CRIMINAL SUMMER

Luigi Guicciardi (translated by Iain Halliday)

Hersilia Press pbk, £7.99

Released: 15th March 2010

Reviewer: Russell James

 

Russell James has been named “the Godfather of Noir” by Ian Rankin. Russell writes crime novels - about criminals and victims, not the cozy procedural or whodunnit. He is the editor of Great British Fictional Detectives.

 
There’s something very un-Italian about Italian crime stories. They tend to be urbane, calm and unstressful, the investigating officers patient and discursive, and even the villains often give up without a fight. Once it’s explained to them that they’ve been found out, they raise their hands in acknowledgement and come quietly. Perhaps it’s all those years of confession and atonement.

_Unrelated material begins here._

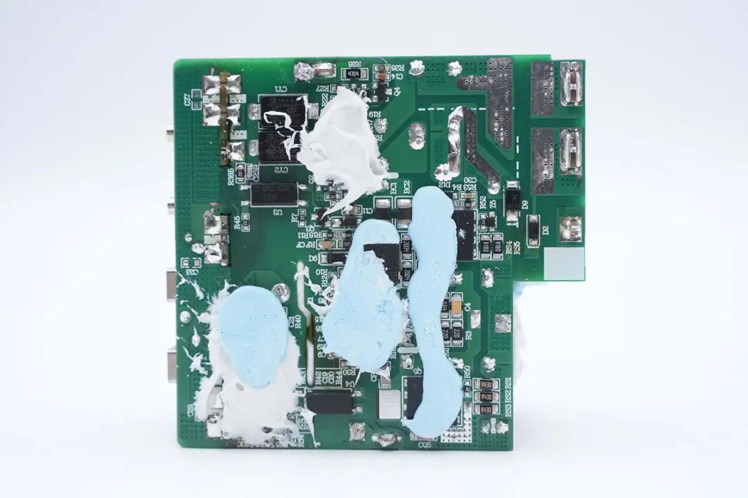 PCBA模块正面器件间的缝隙填充蓝、白胶帮助导热和加固,设计合理。

This more-English-than-an-English-cosy feel certainly applies to Criminal Summer in which the leisurely Inspector Cataldo investigates a short series of murders clearly linked to a dubious car crash eighteen years before, in which an enormous sum of cash was stolen from the car. The man jailed for the crime has just been released and is in the area. Did he want revenge? No, that’s too obvious. You wouldn’t buy it, and neither does Cataldo.

It’s a pleasant read and, although it should appeal to readers of Camillero and Carofiglio, they do it better. Behind the languid front of this tale is an over-complicated plot and, I suspect, an all too obvious true culprit. But it’s an enjoyable read in the sunshine, alongside a glass of Orvietto.